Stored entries
-=-=-=-=-
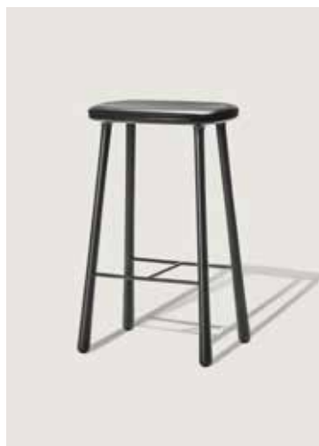
Frame: Black lacquered oak Seat: Black leather
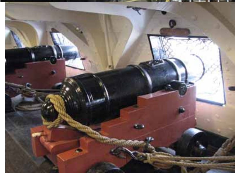
Main Gun Battery
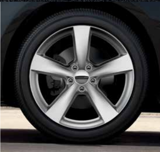
18-inch Satin Silver aluminum (standard on GT)
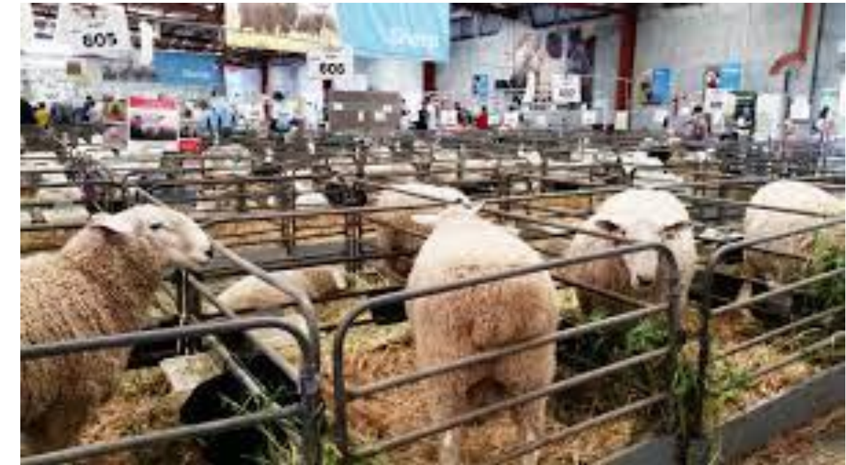
Picture of sheep in a fenced area.

I don't have to feed or pet the animals. I can just look if I like.
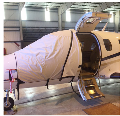
Fuselage Cover & Wing Covers with hail protection on all upper surfaces
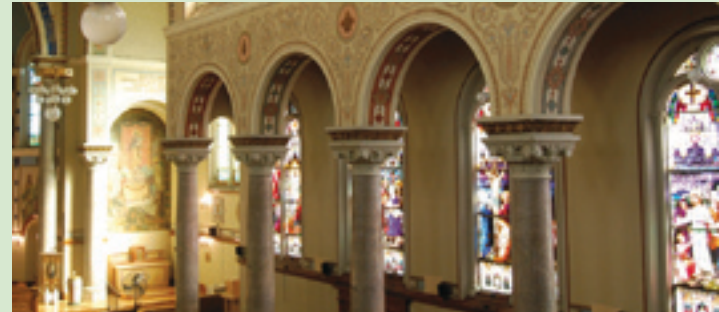
The Buffalo Religious Arts Center is one of the landmarks in the Sacred Sites Open House Weekend.

tours on Saturday, May 16th from 11 am to 3 pm. Call 481-2350 or visit buffaloreligiousarts.org . Westminster Presbyterian Church, 724 Delaware Ave., will offer free tours on Sunday, May 17th from noon to 2 pm. Call 884-9437 or visit wpcbuffalo.org .
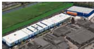
Hörmann Alkmaar B.V., Netherlands
-=-=-=-=-
Activity | Leave out the images and write out the lines above exactly, from the one with "Fuselage Cover &" up to and including the one with "The Buffalo Religious".

Result of this exercise |
Fuselage Cover & Wing Covers with hail protection on all upper surfaces
The Buffalo Religious Arts Center is one of the landmarks in the Sacred Sites Open House Weekend.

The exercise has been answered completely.